-- WHAT IS NEEDED --
Reproduce the records below exactly, but only between the lines holding "UTPPALAKSHI HANDWOVEN KANJIVARAM" and "The levels are", inclusive.

BEGIN WORKING DATA

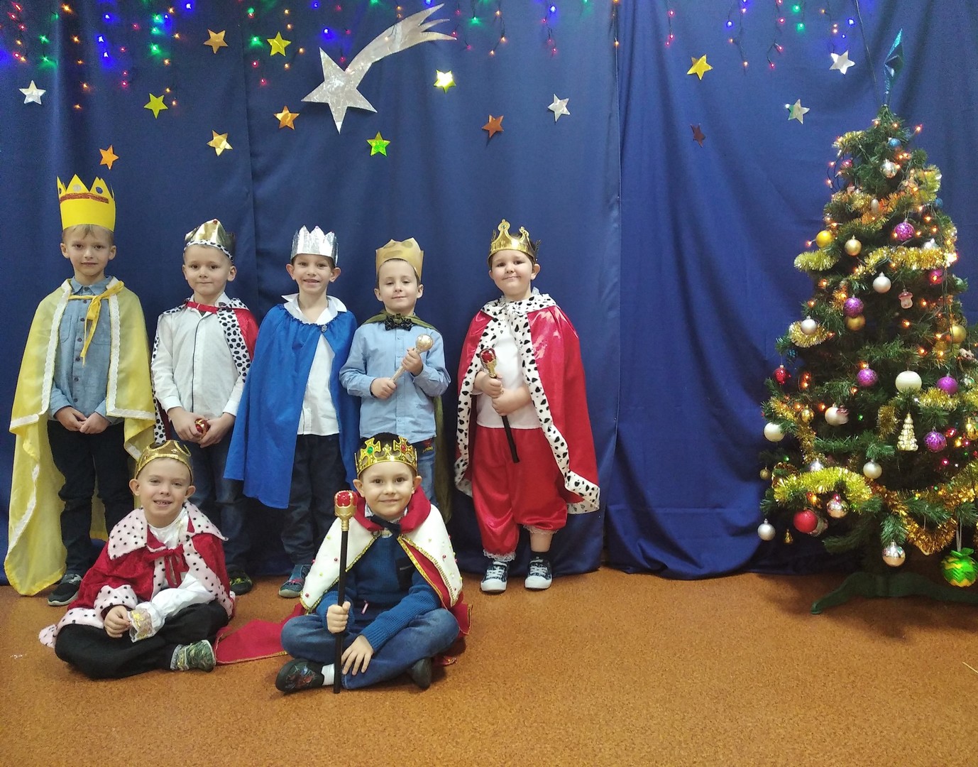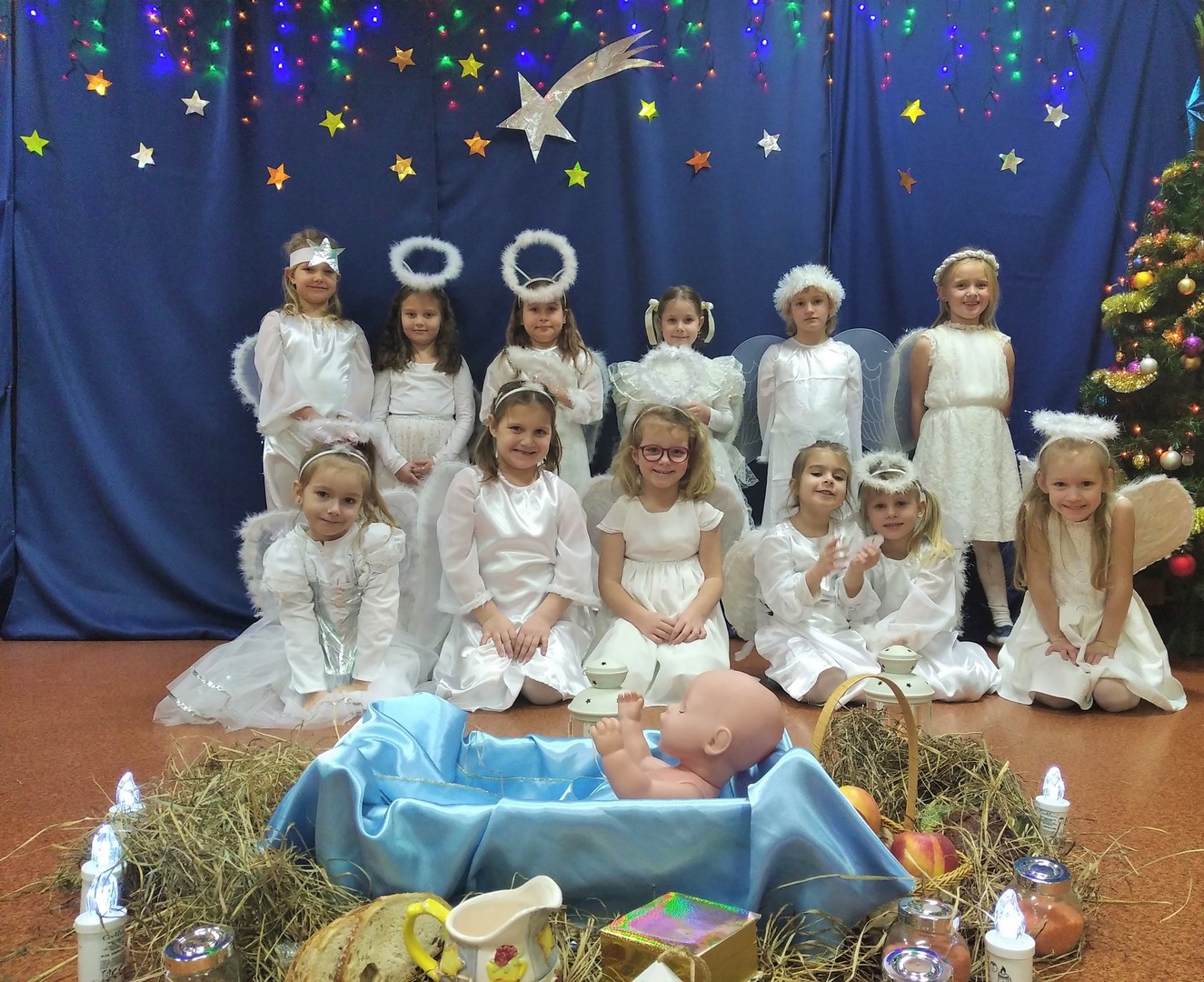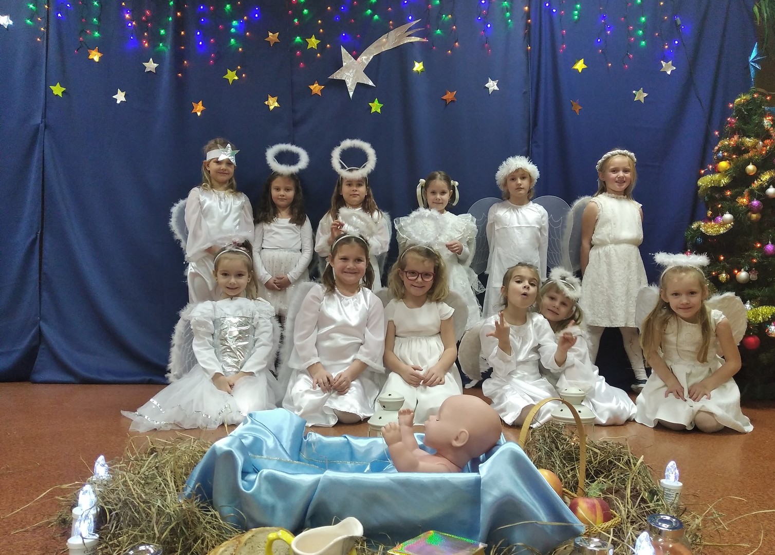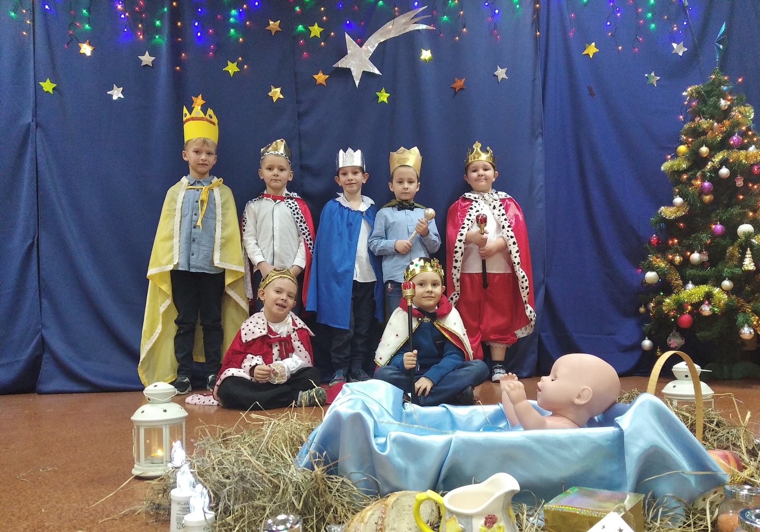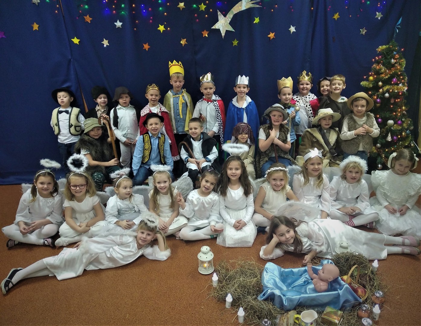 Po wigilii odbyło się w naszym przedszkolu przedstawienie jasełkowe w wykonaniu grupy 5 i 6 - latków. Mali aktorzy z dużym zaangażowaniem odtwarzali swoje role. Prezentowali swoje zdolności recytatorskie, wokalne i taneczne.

END WORKING DATA
BEGIN WORKING DATA

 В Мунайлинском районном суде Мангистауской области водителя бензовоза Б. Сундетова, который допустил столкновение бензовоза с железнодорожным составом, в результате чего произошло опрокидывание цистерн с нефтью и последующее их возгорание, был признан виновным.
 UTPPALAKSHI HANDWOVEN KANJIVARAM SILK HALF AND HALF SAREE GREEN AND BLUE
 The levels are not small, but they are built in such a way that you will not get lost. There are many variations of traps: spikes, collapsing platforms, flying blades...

END WORKING DATA

-- RESULT --
 UTPPALAKSHI HANDWOVEN KANJIVARAM SILK HALF AND HALF SAREE GREEN AND BLUE
 The levels are not small, but they are built in such a way that you will not get lost. There are many variations of traps: spikes, collapsing platforms, flying blades...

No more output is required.